Your answer must be the records below, repeated exactly, with every picture left out.

### Exercise inputs ###

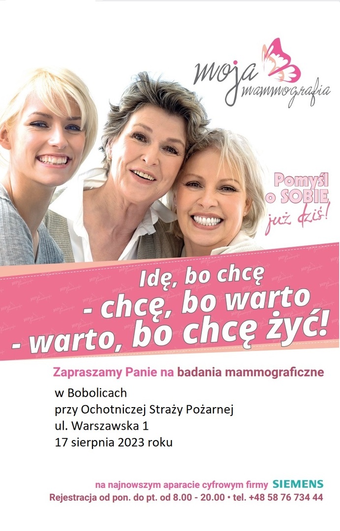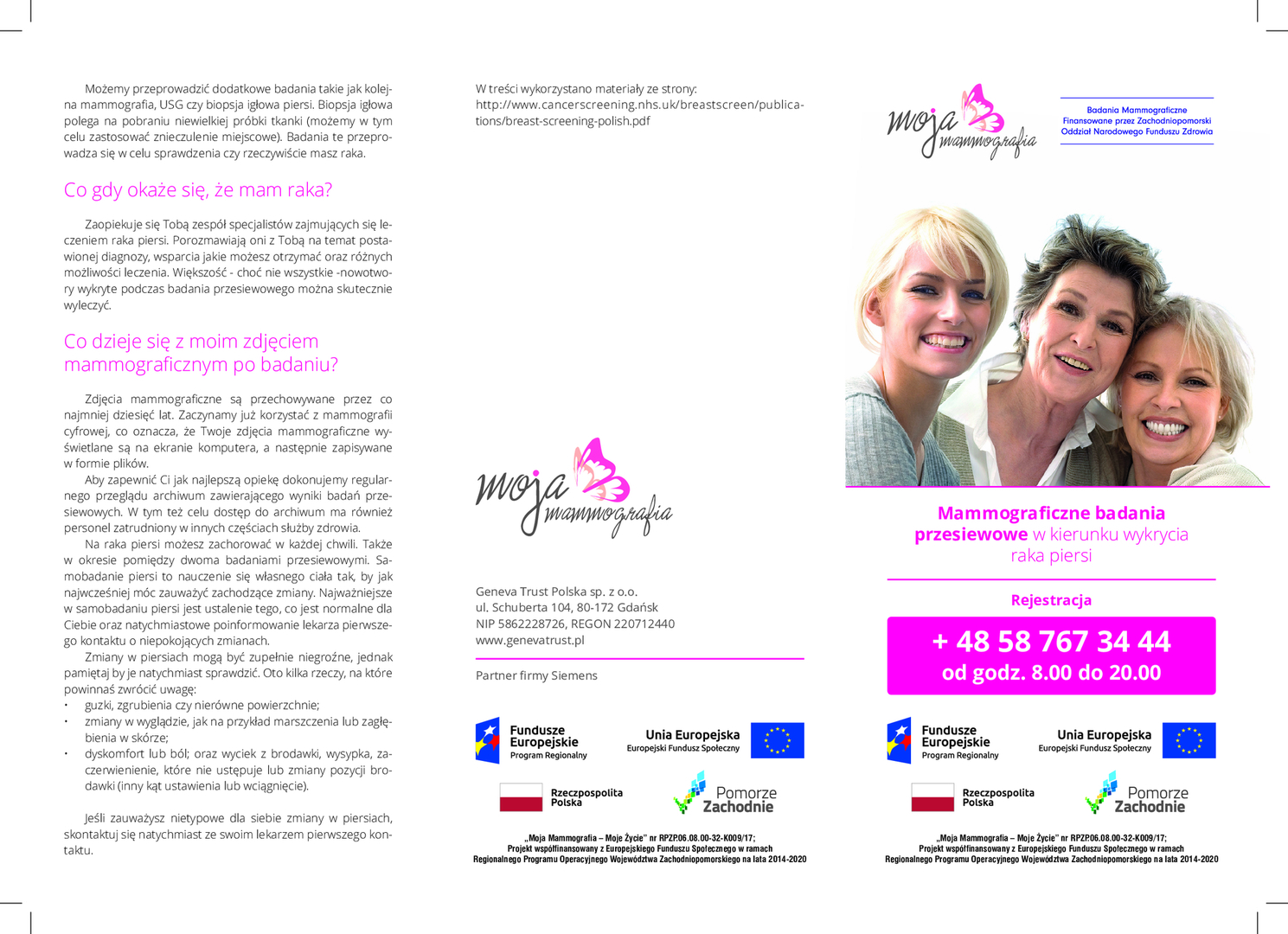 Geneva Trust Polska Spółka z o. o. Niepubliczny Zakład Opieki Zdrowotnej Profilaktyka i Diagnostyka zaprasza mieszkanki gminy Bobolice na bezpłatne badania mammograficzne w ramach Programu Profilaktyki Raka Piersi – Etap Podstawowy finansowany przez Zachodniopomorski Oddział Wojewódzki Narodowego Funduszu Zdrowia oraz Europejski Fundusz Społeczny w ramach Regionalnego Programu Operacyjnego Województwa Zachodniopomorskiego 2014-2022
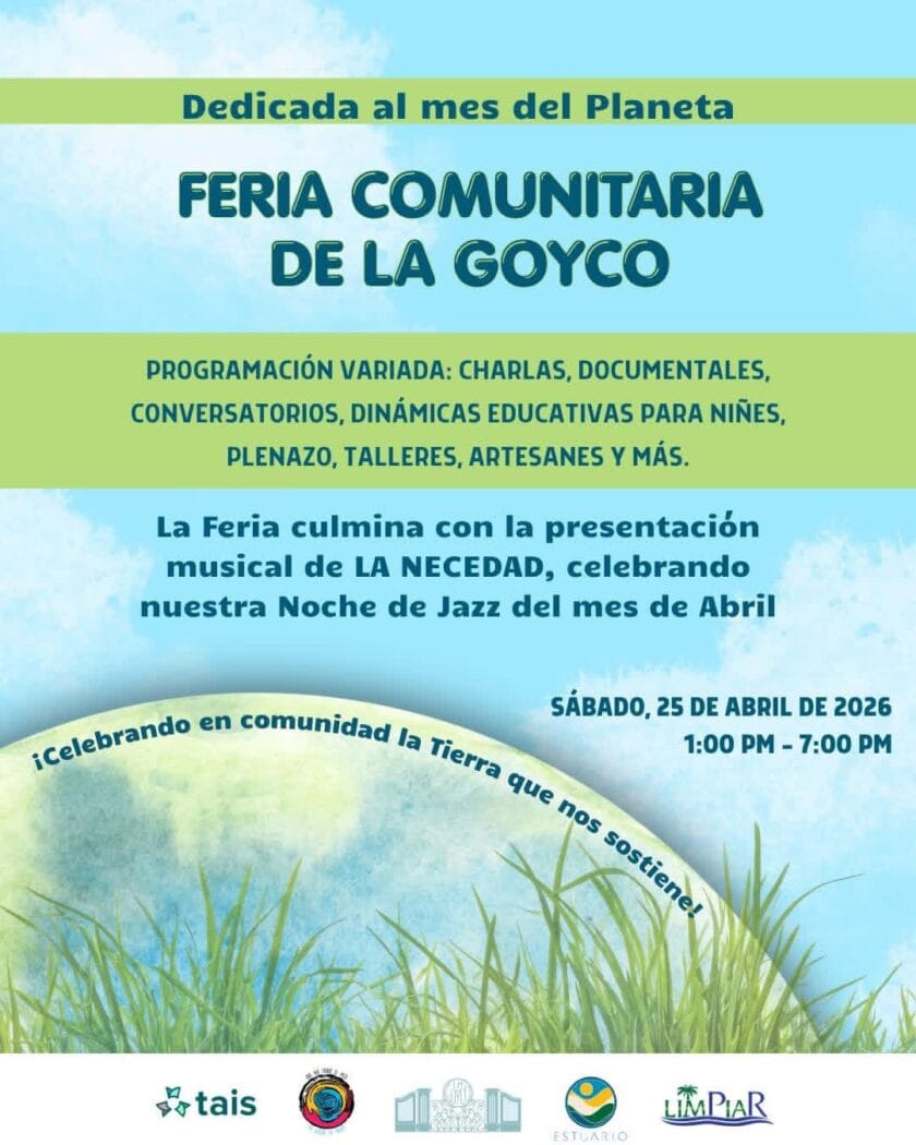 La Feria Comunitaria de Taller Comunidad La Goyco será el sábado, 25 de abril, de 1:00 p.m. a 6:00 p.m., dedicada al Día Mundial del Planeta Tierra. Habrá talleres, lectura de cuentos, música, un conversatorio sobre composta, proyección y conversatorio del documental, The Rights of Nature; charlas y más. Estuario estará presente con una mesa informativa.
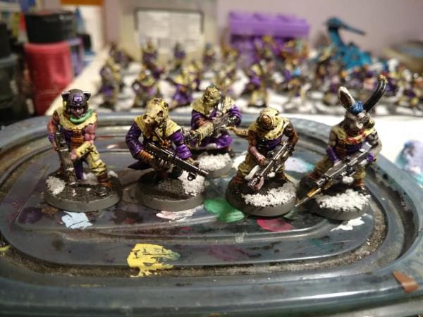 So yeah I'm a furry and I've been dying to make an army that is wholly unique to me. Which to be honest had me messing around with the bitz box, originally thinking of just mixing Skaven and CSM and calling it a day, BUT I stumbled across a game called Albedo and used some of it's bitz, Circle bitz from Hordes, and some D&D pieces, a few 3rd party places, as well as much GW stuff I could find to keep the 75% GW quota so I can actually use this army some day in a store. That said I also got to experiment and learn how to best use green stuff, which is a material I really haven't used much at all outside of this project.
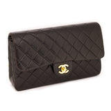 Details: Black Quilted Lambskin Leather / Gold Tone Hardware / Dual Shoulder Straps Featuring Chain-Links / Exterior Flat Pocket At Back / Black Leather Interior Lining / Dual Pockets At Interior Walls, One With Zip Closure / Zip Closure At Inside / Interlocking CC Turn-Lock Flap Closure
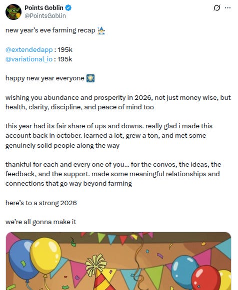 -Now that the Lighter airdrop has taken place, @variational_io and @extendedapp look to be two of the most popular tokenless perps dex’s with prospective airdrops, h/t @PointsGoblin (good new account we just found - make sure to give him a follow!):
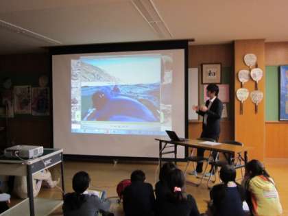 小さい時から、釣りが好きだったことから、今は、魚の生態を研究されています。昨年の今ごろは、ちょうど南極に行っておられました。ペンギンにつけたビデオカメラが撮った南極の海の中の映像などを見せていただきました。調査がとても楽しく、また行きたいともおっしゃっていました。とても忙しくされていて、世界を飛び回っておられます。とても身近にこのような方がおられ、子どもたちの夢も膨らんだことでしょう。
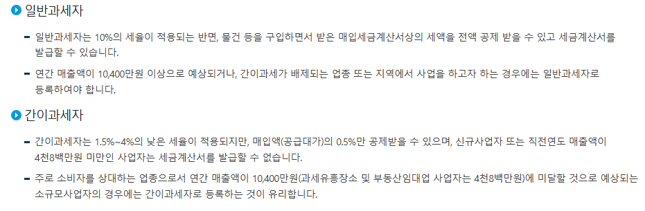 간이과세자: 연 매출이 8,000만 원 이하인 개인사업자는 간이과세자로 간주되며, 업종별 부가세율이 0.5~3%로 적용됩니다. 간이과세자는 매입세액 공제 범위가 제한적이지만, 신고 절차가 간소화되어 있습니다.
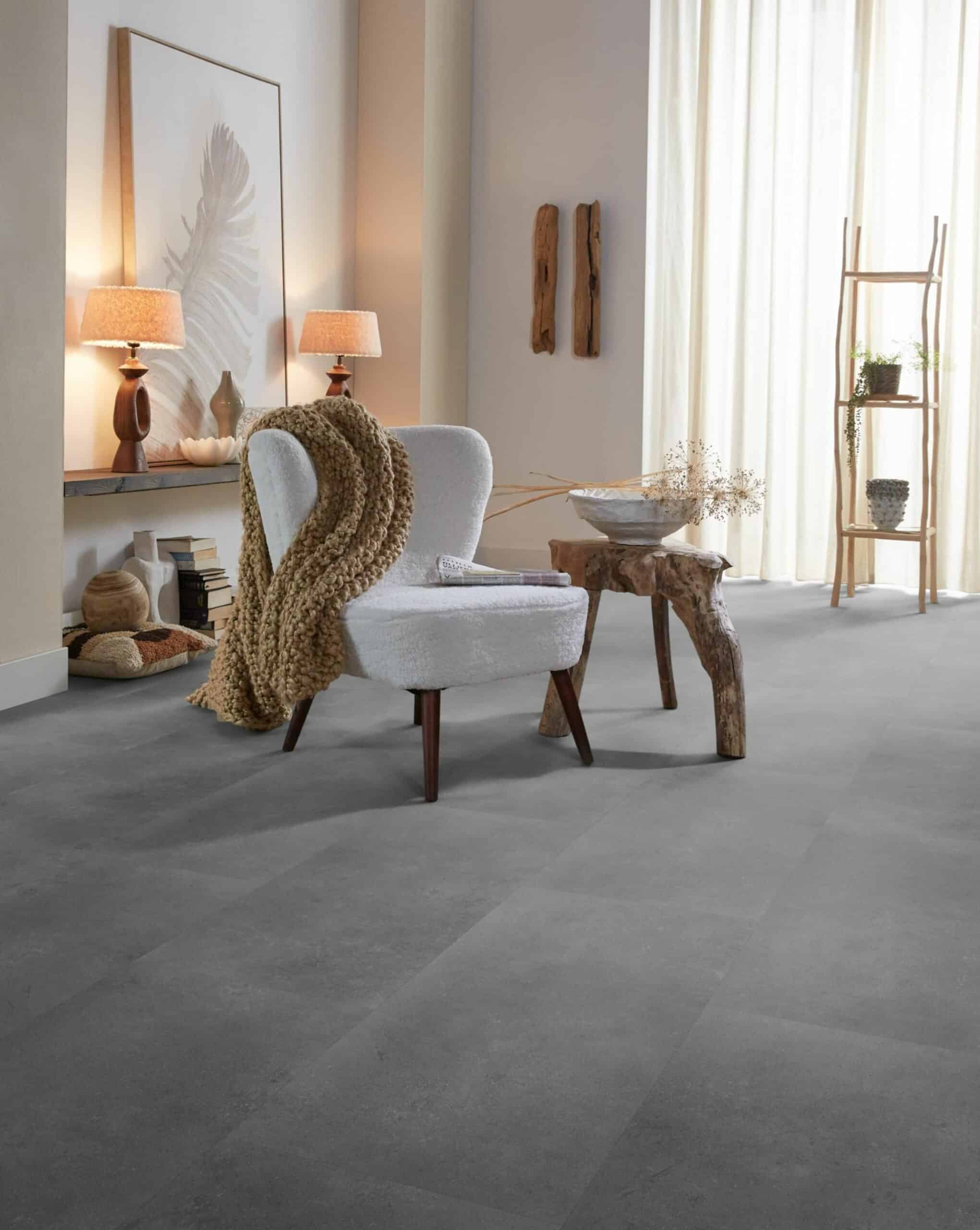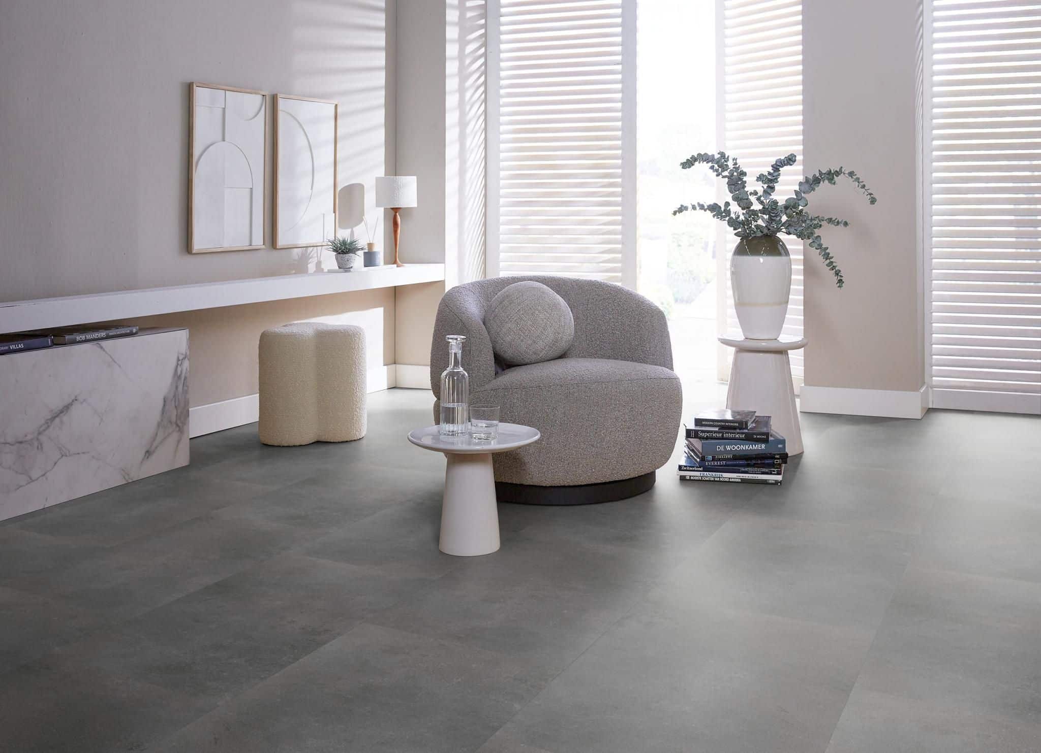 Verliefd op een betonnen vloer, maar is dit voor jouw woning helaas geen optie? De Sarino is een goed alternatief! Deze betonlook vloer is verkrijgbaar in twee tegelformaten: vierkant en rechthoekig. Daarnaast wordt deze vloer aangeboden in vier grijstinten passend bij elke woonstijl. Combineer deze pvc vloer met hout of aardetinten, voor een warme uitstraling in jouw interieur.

###

**Answer to this problem**
 Geneva Trust Polska Spółka z o. o. Niepubliczny Zakład Opieki Zdrowotnej Profilaktyka i Diagnostyka zaprasza mieszkanki gminy Bobolice na bezpłatne badania mammograficzne w ramach Programu Profilaktyki Raka Piersi – Etap Podstawowy finansowany przez Zachodniopomorski Oddział Wojewódzki Narodowego Funduszu Zdrowia oraz Europejski Fundusz Społeczny w ramach Regionalnego Programu Operacyjnego Województwa Zachodniopomorskiego 2014-2022
 La Feria Comunitaria de Taller Comunidad La Goyco será el sábado, 25 de abril, de 1:00 p.m. a 6:00 p.m., dedicada al Día Mundial del Planeta Tierra. Habrá talleres, lectura de cuentos, música, un conversatorio sobre composta, proyección y conversatorio del documental, The Rights of Nature; charlas y más. Estuario estará presente con una mesa informativa.
 So yeah I'm a furry and I've been dying to make an army that is wholly unique to me. Which to be honest had me messing around with the bitz box, originally thinking of just mixing Skaven and CSM and calling it a day, BUT I stumbled across a game called Albedo and used some of it's bitz, Circle bitz from Hordes, and some D&D pieces, a few 3rd party places, as well as much GW stuff I could find to keep the 75% GW quota so I can actually use this army some day in a store. That said I also got to experiment and learn how to best use green stuff, which is a material I really haven't used much at all outside of this project.
 Details: Black Quilted Lambskin Leather / Gold Tone Hardware / Dual Shoulder Straps Featuring Chain-Links / Exterior Flat Pocket At Back / Black Leather Interior Lining / Dual Pockets At Interior Walls, One With Zip Closure / Zip Closure At Inside / Interlocking CC Turn-Lock Flap Closure
 -Now that the Lighter airdrop has taken place, @variational_io and @extendedapp look to be two of the most popular tokenless perps dex’s with prospective airdrops, h/t @PointsGoblin (good new account we just found - make sure to give him a follow!):
 小さい時から、釣りが好きだったことから、今は、魚の生態を研究されています。昨年の今ごろは、ちょうど南極に行っておられました。ペンギンにつけたビデオカメラが撮った南極の海の中の映像などを見せていただきました。調査がとても楽しく、また行きたいともおっしゃっていました。とても忙しくされていて、世界を飛び回っておられます。とても身近にこのような方がおられ、子どもたちの夢も膨らんだことでしょう。
 간이과세자: 연 매출이 8,000만 원 이하인 개인사업자는 간이과세자로 간주되며, 업종별 부가세율이 0.5~3%로 적용됩니다. 간이과세자는 매입세액 공제 범위가 제한적이지만, 신고 절차가 간소화되어 있습니다.
 Verliefd op een betonnen vloer, maar is dit voor jouw woning helaas geen optie? De Sarino is een goed alternatief! Deze betonlook vloer is verkrijgbaar in twee tegelformaten: vierkant en rechthoekig. Daarnaast wordt deze vloer aangeboden in vier grijstinten passend bij elke woonstijl. Combineer deze pvc vloer met hout of aardetinten, voor een warme uitstraling in jouw interieur.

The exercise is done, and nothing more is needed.